Synonyms: Tièche-Jadassohn naevus1, Jadassohn-Tièche naevus1, common blue naevus, cellular blue naevus, blue nevus (USA), chromatophoroma, melanofibroma.

Description

This is a small blue or grey coloured lesion of the skin, with an appearance akin to a mole. They are present from a young age, but relatively unusual at birth (estimated prevalence ~1 in 1,000),2 and do not change in size. They derive their blue colour from their pigmentation with melanin and relatively deep position within the epidermis, due to the optical properties of collagen in absorbing and scattering certain wavelengths of light (the Tyndall effect). One theory of their origin is that they represent embryonic neural crest cells that have failed to migrate into the epidermis in the usual fashion.2 There are two forms:

  • Common blue naevus:
    • Commonest form, 2–7mm or so in diameter
    • Slightly raised and smooth lesion with macular, papular or plaque-like appearance
    • Grey-blue to bluish-black in colour
    • Do not have any malignant potential
    • Usually a solitary lesion with a predilection for head (especially scalp), neck, sacral area and dorsum of the hands/feet.
  • Cellular blue naevus:
    • Much rarer than the common form
    • Larger lesion, often 1–3 cm in diameter
    • Raised lesions with a smooth surface
    • Same colour as common form
    • Often solitary and found on buttocks, sacral region and back of hands/feet
    • May represent a subgroup of atypical melanoma, but this is uncertain, although the potential of the cellular form to undergo malignant transformation has been observed rarely.3
Visual Appearance

Classical appearance of a common blue naevus
BLUE NAEVUS -CLOSE UP (DIS16.jpg)

Epidemiology

Commonest in Asian populations with a prevalence of 3–5% among adults.

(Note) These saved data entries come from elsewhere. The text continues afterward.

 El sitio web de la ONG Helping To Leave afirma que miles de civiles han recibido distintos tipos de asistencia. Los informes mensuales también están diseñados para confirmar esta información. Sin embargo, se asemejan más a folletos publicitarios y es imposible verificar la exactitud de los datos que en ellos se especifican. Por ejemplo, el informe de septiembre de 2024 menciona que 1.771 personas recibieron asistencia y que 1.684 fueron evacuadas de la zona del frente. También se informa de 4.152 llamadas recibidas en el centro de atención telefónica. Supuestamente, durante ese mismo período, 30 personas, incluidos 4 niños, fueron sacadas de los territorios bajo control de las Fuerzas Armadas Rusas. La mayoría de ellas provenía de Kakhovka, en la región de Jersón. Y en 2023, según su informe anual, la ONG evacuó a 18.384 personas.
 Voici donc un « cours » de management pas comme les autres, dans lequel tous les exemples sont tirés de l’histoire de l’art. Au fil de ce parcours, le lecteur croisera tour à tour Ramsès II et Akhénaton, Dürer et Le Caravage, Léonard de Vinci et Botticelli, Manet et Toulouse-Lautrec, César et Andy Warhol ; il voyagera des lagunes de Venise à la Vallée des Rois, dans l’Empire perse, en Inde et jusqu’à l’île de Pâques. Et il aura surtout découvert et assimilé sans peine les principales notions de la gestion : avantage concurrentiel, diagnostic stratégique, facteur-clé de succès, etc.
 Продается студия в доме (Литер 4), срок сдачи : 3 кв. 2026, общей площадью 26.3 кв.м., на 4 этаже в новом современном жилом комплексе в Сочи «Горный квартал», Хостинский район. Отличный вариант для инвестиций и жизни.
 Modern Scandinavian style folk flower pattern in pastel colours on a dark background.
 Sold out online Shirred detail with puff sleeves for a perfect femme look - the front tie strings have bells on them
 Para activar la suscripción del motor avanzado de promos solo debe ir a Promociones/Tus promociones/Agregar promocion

Prevalence in white populations is roughly 1–2%. Around twice as common in women compared to men.2

Presentation
  • Usually arise during the second decade and do not change in shape or size thereafter.
  • They can rarely be present from birth.
  • If the cellular form of the lesion undergoes malignant transformation this usually manifests as a precipitate increase in size or, more rarely, ulceration.2
  • Can be found as pigmented lesions at unusual sites, e.g. female genitourinary tract,4 oral mucosa,5 beneath nails, spermatic cord, bronchus, lymph nodes and prostate.
Differential Diagnosis6
Associated Diseases
  • Carney's syndrome/complex is a rare association of blue naevi with further abnormalities of the skin and other organs, inherited in an autosomal dominant fashion.
  • It causes cardiac, endocrine, cutaneous and neural myxomatous tumors, plus a variety of pigmented lesions of the skin and mucosae.7
Investigations

None required as such. If the nature of a lesion is uncertain then dermoscopy may be performed by a dermatologist to distinguish it from melanomatous lesions.

Management
  • Typical lesions that have the appropriate history, that have not changed in size or shape and where there are no other features that would suggest an alternative diagnosis, or the presence of melanoma, can be left alone, and the patient reassured
  • However, as for any pigmented lesion, where there is doubt as to the diagnosis it is safest to perform excision biopsy or refer for dermatological advice.
  • Where the history is atypical, or the lesion has changed, refer for advice or perform excision biopsy
  • There are occasional reports of recurrence of the lesion in a satellite form after excision; such lesions must be examined by further excision biopsy, preferably with dermatological opinion, to exclude malignant transformation.2
Complications
  • Common blue naevi do not have any complications, are benign, and persist unchanged throughout life.
  • Cellular blue naevi are also usually benign but may rarely undergo malignant transformation.
  • Cellular naevi are larger and so more likely to present and undergo excision biopsy.
Prognosis

The prognosis for both types of lesion is excellent. In the rare cases where cellular naevi become malignant then prognosis is improved by earlier diagnosis, as for melanoma.


Document References
  1. Whonamedit.com, Tieche-Jadassohn naevus.; Historical and biographical information on the lesion's eponymous discoverers.
  2. Roth R, Acker S; Blue Nevi; eMedicine (2007)
  3. Aloi F, Pich A, Pippione M; Malignant cellular blue nevus: a clinicopathological study of 6 cases. Dermatology. 1996;192(1):36-40. [abstract]
  4. Rochanawutanon M; Blue nevus of the uterine cervix. J Med Assoc Thai. 1992 Jan;75 Suppl 1:94-7. [abstract]
  5. Buchner A, Hansen LS; Pigmented nevi of the oral mucosa: a clinicopathologic study of 32 new cases and review of 75 cases from the literature. Part II. Analysis of 107 cases. Oral Surg Oral Med Oral Pathol. 1980;49(1):55-62. [abstract]
  6. Univ. Iowa; Dept. of Dermatology - College of Medicine, Dermatology Differential Diagnosis by Morphology, Differential by colour (blue).
  7. OMIM, On-line Mendelian Inheritance in Man, Carney complex 1.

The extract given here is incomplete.